2011, nach der nuklearen Katastrophe in Fukushima, hat die Bundesregierung den Atomausstieg beschlossen.
Aktuell haben wir noch sechs Atomkraftwerke in Deutschland - Ende 2021 sollen drei davon und Ende 2022 dann auch die letzten drei abgeschaltet werden.

Damals sagte Bundeskanzlerin Angela Merkel:


2012 kam es dann zu der Einigung der Vertragsstaaten, das Kyoto-Protokoll bis 2020 fortzusetzen.


Die EU sagte zu, ihre Emissionen im Rahmen der zweiten Verpflichtungsperiode von 2013 bis 2020 um 20 Prozent im Vergleich zu 1990 abzusenken. Japan, Neuseeland und Russland nahmen an der zweiten Verpflichtungsperiode jedoch nicht mehr teil, die USA stiegen bereits 2001 aus. 

Die drei Länder mit dem damals weltweit größten Treibhausgasausstoß – die USA, China und Indien – verpflichteten sich nicht bei der zweiten Verpflichtungsperiode zur Absenkung. Das heißt, die Staaten, die an der zweiten Periode des Kyoto-Protokolls teilgenommen haben, waren nur noch für knapp 15 Prozent der globalen CO2-Emissionen verantwortlich. Es war also global gesehen nicht sehr effektiv.

Das Pariser Klimaabkommen von 2015


Im Pariser Klimaabkommen einigten sich alle 195 UNFCCC-Unterzeichnerstaaten darauf, die Erderwärmung auf ein Maß von "deutlich unter zwei Grad" im Vergleich zum vorindustriellen Zeitalter zu begrenzen.

Deutschland hat in Anlehnung an das Pariser Abkommen und die EU-Klimaschutzziele seine Klimaschutzziele im Klimaschutzplan 2050 festgelegt. Darin beschreibt Deutschland seine Ziele bis zur treibhausneutralen Nation: Eine Treibhausgasreduktion im Vergleich zum Jahr 1990
  • bis 2020 um 40 Prozent 
  • bis 2030 um 55 Prozent
  • bis 2040 um 70 Prozent
  • bis 2050 weitgehend treibhausgasneutral

Seit 2018 ist der Klimaschutz mit Fridays for Future wieder deutlich mehr in den Blick der breiten Öffentlichkeit geraten - Fridays for Future fordern die globale Erwärmung auf unter 1,5 Grad zu begrenzen.

2019 tritt das Bundes-Klimaschutzgesetz in Kraft


Das Gesetz soll die Erfüllung der nationalen Klimaschutzziele bis 2030 sowie die Einhaltung der europäischen Zielvorgaben gewährleisten. Dafür gibt es bis 2030 auch jährliche Minderungsziele. 


2020er: Neuerung Klimaschutzgesetz

Das Jahrzehnt zusammengefasst: Generationenvertrag für das Klima.

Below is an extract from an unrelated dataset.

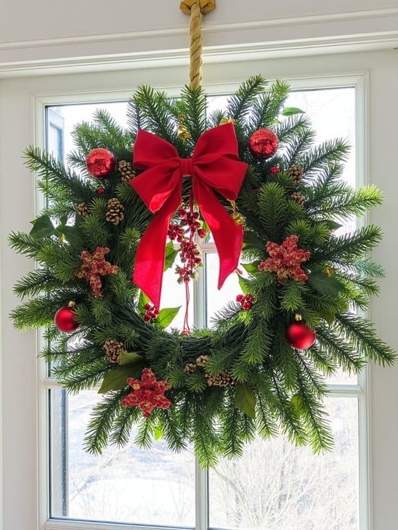 The technique works with any wreath type and size, from traditional pine to modern willow designs. Simply drape 2-inch wide decorative ribbon over your curtain rod, attach it to your wreath, and adjust the height as needed. This method not only protects your walls but also adds an elegant finishing touch to your seasonal decor.

Deutschland hat das 2020-Ziel des Pariser Klimaabkommens (Minderung um 40 Prozent) überraschend erreicht. 
Das lag allerdings vor allem an Corona:


2021 Änderung Klimaschutzgesetz


Die bisher bestehenden Ziele bis 2030 und 2040 sollen durch die Neuerung verschärft und das Ziel der Treibhausgasneutralität bis 2045 verankert werden:
Die Treibhausgasreduktion im Vergleich zum Jahr 1990 soll um mindestens 65 Prozent im Jahr 2030 (statt der bisher 55) und mindestens 88 Prozent im Jahr 2040 (statt der bisher 70) gesenkt werden. Nach dem Jahr 2050 strebt die Bundesregierung negative Emissionen an.

Damit soll verhindert werden, dass es in Zukunft zu unverhältnismäßigen Einschränkungen der Freiheitsgrundrechte der heute jüngeren Menschen kommt. 


Ein Sofortprogramm mit ersten Maßnahmen zur Umsetzung will die Bundesregierung in den kommenden Wochen auf den Weg bringen.